YOUR ASSIGNMENT:
Reproduce the listing word for word, leaving every picture behind.

DATA SEGMENT:
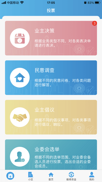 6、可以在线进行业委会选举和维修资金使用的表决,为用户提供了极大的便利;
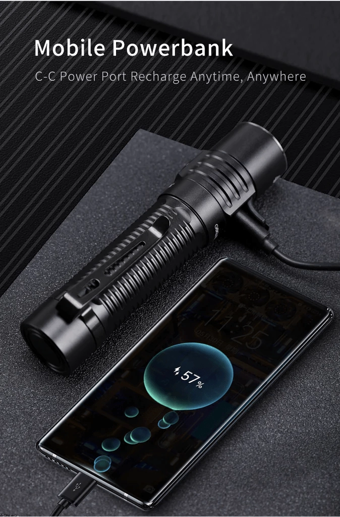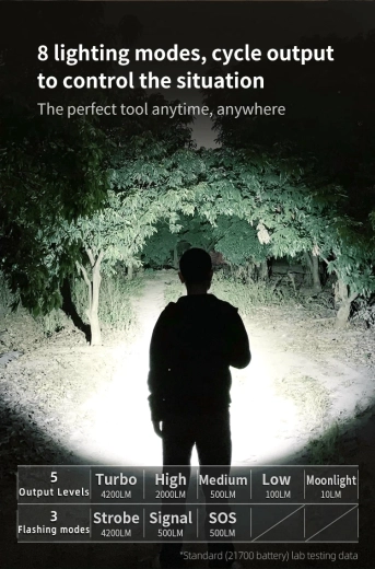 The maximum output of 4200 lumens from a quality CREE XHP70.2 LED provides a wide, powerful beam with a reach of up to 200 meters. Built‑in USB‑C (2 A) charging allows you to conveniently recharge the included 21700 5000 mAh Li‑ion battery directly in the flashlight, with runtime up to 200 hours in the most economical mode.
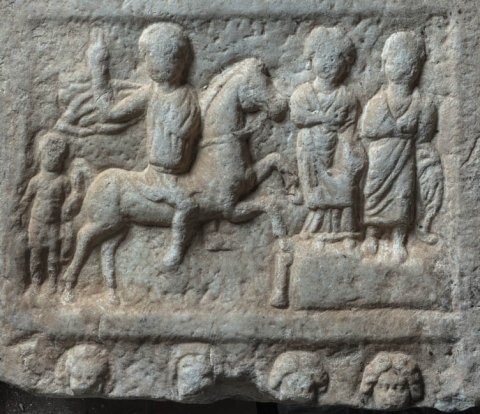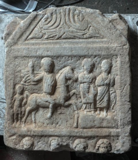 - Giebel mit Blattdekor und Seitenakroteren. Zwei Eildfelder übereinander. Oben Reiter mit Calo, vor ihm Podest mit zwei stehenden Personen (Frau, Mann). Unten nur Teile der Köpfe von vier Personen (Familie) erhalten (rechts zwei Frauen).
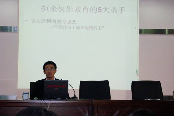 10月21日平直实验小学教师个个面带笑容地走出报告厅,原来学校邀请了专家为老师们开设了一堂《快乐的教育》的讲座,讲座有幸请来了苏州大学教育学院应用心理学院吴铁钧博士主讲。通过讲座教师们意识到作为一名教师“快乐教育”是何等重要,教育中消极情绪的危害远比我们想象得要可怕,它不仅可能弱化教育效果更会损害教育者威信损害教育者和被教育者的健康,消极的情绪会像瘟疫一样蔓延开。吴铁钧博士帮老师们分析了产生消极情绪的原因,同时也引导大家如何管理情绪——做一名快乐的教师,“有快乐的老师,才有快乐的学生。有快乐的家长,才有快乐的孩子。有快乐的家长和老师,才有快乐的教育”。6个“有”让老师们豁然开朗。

RESPONSE:
 6、可以在线进行业委会选举和维修资金使用的表决,为用户提供了极大的便利;
 The maximum output of 4200 lumens from a quality CREE XHP70.2 LED provides a wide, powerful beam with a reach of up to 200 meters. Built‑in USB‑C (2 A) charging allows you to conveniently recharge the included 21700 5000 mAh Li‑ion battery directly in the flashlight, with runtime up to 200 hours in the most economical mode.
 - Giebel mit Blattdekor und Seitenakroteren. Zwei Eildfelder übereinander. Oben Reiter mit Calo, vor ihm Podest mit zwei stehenden Personen (Frau, Mann). Unten nur Teile der Köpfe von vier Personen (Familie) erhalten (rechts zwei Frauen).
 10月21日平直实验小学教师个个面带笑容地走出报告厅,原来学校邀请了专家为老师们开设了一堂《快乐的教育》的讲座,讲座有幸请来了苏州大学教育学院应用心理学院吴铁钧博士主讲。通过讲座教师们意识到作为一名教师“快乐教育”是何等重要,教育中消极情绪的危害远比我们想象得要可怕,它不仅可能弱化教育效果更会损害教育者威信损害教育者和被教育者的健康,消极的情绪会像瘟疫一样蔓延开。吴铁钧博士帮老师们分析了产生消极情绪的原因,同时也引导大家如何管理情绪——做一名快乐的教师,“有快乐的老师,才有快乐的学生。有快乐的家长,才有快乐的孩子。有快乐的家长和老师,才有快乐的教育”。6个“有”让老师们豁然开朗。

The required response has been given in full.